On Wednesday, all three were still fighting for their lives at Washington Hospital Center.

They survived thanks largely to rescue workers such as emergency nurse Tammi Royce, who fought back tears and put her own life at risk to helicopter into the disaster scene Tuesday morning.

“I can do this. I can do this,” the frightened nurse told herself as the helicopter descended into pandemonium. She and partner Barbara Brown, a more experienced flight paramedic, worked to save Kelly, even as disaster officials ordered them to retreat from the scene because another attack was believed imminent.

Navy Petty Officer Charles Lewis also was saved, but his narrow escape provided little encouragement about those still missing.

Lewis worked in the Navy’s media center on the first floor of the Pentagon near the point of impact. His office tracks the movements of Navy ships and monitors television news broadcasts.


“We were well aware of what was going on at the World Trade Center,” Lewis recalled Wednesday. “Someone said, ‘If it could happen there, what could stop it from happening here?’ ”

Suddenly, an explosion erupted behind him. “There was a whooshing sound, like a gust of wind. I had no time to react and turn around.” Everything turned black and there was total silence for what seemed like five or 10 seconds.

Then chaos. Everything came tumbling down--chunks of wall, bookshelves. The floor caved in. Lewis’ foot became trapped, but he twisted it free.

“We heard people outside yelling and screaming. We were screaming and yelling to let them know where we were.”

One wall had a gaping hole--like a sandwich with a big bite taken out. Lewis pushed aside debris, struggled to the opening and fell halfway through it.

“Somebody grabbed me and put me on a cart, gave me oxygen,” he said. “They took me to the north side of the Pentagon” and then to a hospital.


“For a minute, I thought I would die,” Lewis said. “Once I saw the light and the opening in the wall, I thought of my family and kids. It was adrenaline. I told myself, ‘I don’t want to die this way.’ ”

And when Michael Kurtz first saw his wife, Louise, who had been pulled from the wreckage and taken to a nearby hospital, he broke down.
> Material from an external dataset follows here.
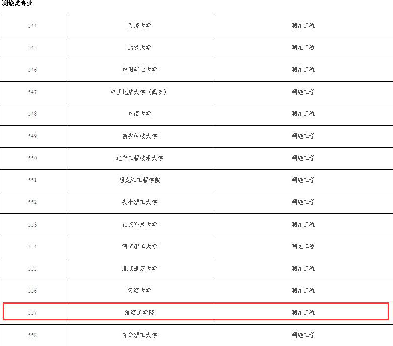 根据教育部6月12日发布的消息,截至2017年底,教育部高等教育教学评估中心和中国工程教育专业认证协会共认证了全国198所高校的846个工科专业。通过专业认证,标志着这些专业的质量实现了国际实质等效,进入全球工程教育的“第一方阵”。其中,测绘类专业有25所院校,淮海工学院名列其中。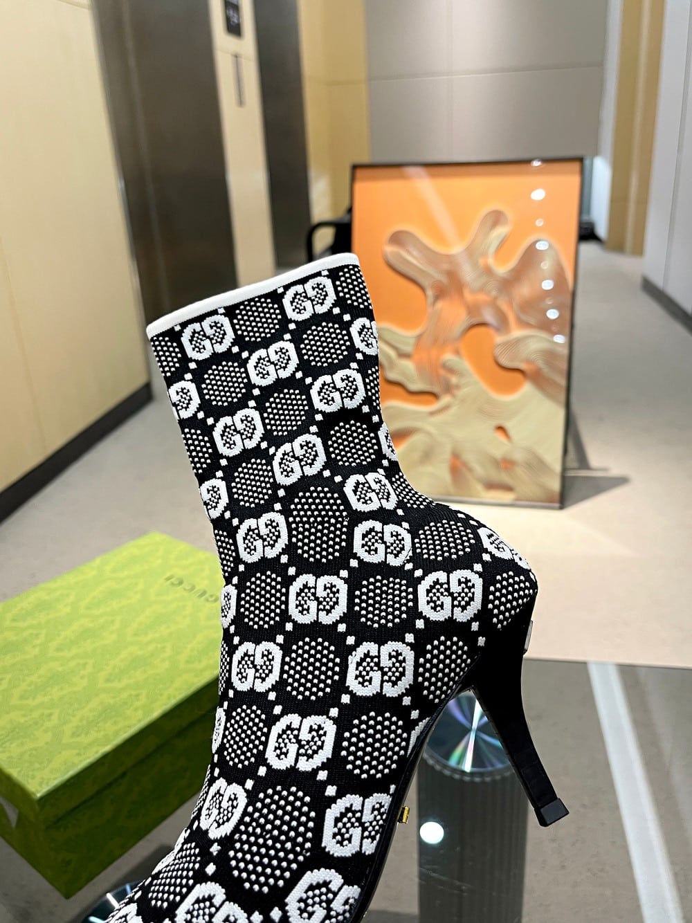 • Gucci Gg 75Mm Knit Ankle Boots Black White Fabric 718378 Faaqp 1008

He had known from the moment he saw television reports that the smoldering rubble was all that remained of the part of the Pentagon where she worked. But it was three hours before the Air Force veteran received a call at his Stafford, Va., home saying she had survived.

When he reached her in a Washington hospital, “I didn’t recognize my wife of 31 years,” Kurtz said. “I saw a person that looked like a mummy, but I knew under that shell [of gauze] was my wife.”

Louise Kurtz regained consciousness Wednesday. When her husband told her softly that he loved her, she nodded her head and wiggled her toes.

“I was ecstatic because I knew she heard my voice,” he said.

Times staff writer Robert Rosenblatt contributed to this story.